> [Work required]
After finding "Rear-end collision happened" in the material below, output its line and every line after it through the last, exactly, but not the pictures.

*** Opening Data provided ***

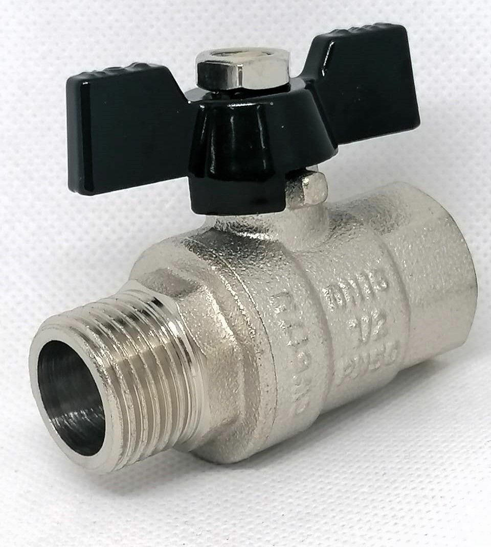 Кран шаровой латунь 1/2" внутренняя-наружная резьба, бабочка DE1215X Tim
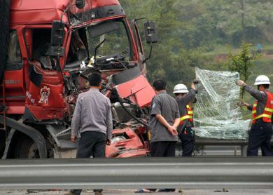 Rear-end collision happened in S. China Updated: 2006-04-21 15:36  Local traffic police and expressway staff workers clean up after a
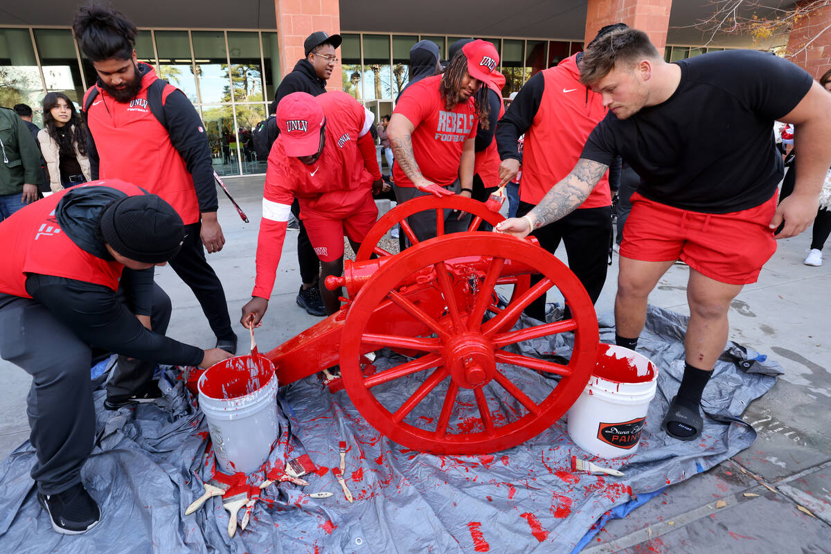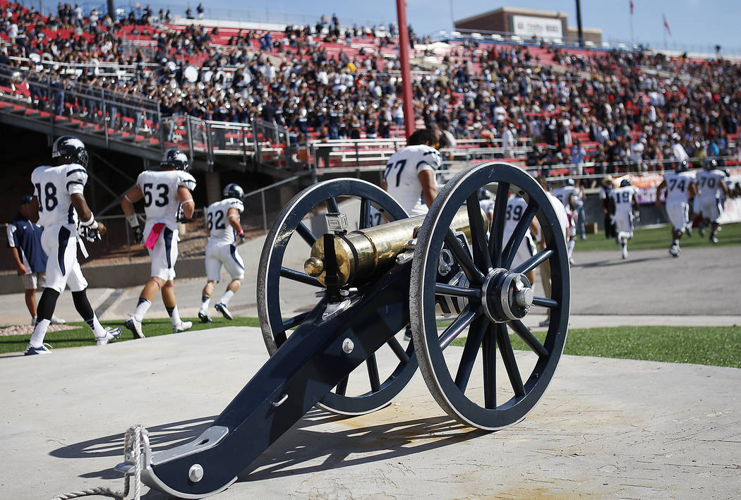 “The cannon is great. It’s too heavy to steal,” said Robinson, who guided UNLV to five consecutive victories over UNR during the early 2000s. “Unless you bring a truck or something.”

*** Closing Data provided ***

> [Answer to the problem]
 Rear-end collision happened in S. China Updated: 2006-04-21 15:36  Local traffic police and expressway staff workers clean up after a
 “The cannon is great. It’s too heavy to steal,” said Robinson, who guided UNLV to five consecutive victories over UNR during the early 2000s. “Unless you bring a truck or something.”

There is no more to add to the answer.